ACTION ITEM
Type out the whole listing again exactly, pictures omitted.

DATASET CONTENT
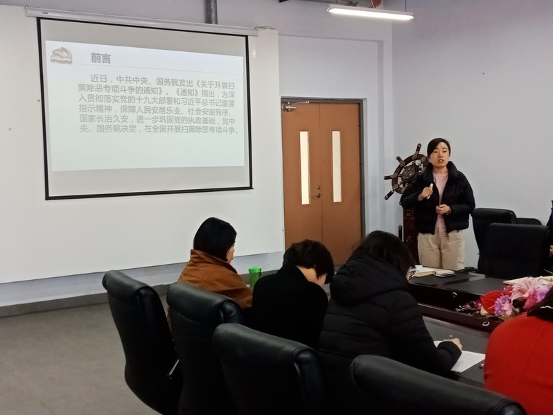 党总支书记管爱华以员工群体间发生的实例向大家强调了“扫黑除恶”工作开展的必要性和重要性,他要求全体师生党员要以身作则,树立良好道德典范。
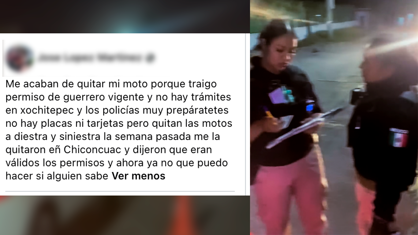 “Me acaban de quitar mi moto porque traigo permiso de Guerrero vigente y no hay trámites en Xochitepec. Los policías muy prepotentes quitan las motos a diestra y siniestra”, expresó a través de redes sociales.
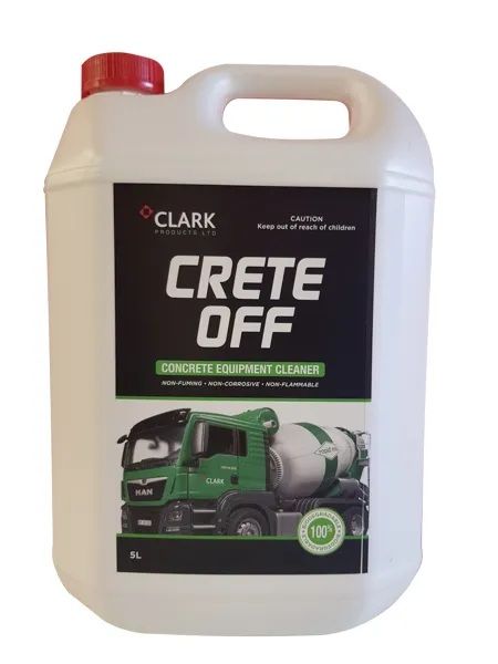 THIS IS A DANGEROUS GOODS PRODUCT, Shipping and Costs may vary. CRETE-OFF is a liquid compound specifically formulated to dissolve builtup cement on tools and equipment associated with the concrete ready-mix industry. It is also used to remove cured cement, concrete, mortar, and grout from any surface and also removes old rust and oxides. The highly concentrated formulation is compounded to maintain sufficient acidity to dissolve hardened cement. The softened concrete substance is then cold water rinseable with a high pressure washer.
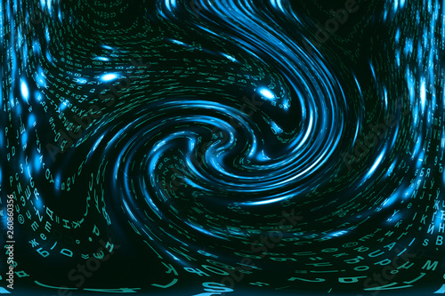 Blue green matrix digital background. Distorted cyberspace concept. Green characters fall down in wormhole. Hacked matrix. Virtual reality design. Complex algorithm data hacking. Cyan digital sparks.

SOLUTION TO THIS PROBLEM
 党总支书记管爱华以员工群体间发生的实例向大家强调了“扫黑除恶”工作开展的必要性和重要性,他要求全体师生党员要以身作则,树立良好道德典范。
 “Me acaban de quitar mi moto porque traigo permiso de Guerrero vigente y no hay trámites en Xochitepec. Los policías muy prepotentes quitan las motos a diestra y siniestra”, expresó a través de redes sociales.
 THIS IS A DANGEROUS GOODS PRODUCT, Shipping and Costs may vary. CRETE-OFF is a liquid compound specifically formulated to dissolve builtup cement on tools and equipment associated with the concrete ready-mix industry. It is also used to remove cured cement, concrete, mortar, and grout from any surface and also removes old rust and oxides. The highly concentrated formulation is compounded to maintain sufficient acidity to dissolve hardened cement. The softened concrete substance is then cold water rinseable with a high pressure washer.
 Blue green matrix digital background. Distorted cyberspace concept. Green characters fall down in wormhole. Hacked matrix. Virtual reality design. Complex algorithm data hacking. Cyan digital sparks.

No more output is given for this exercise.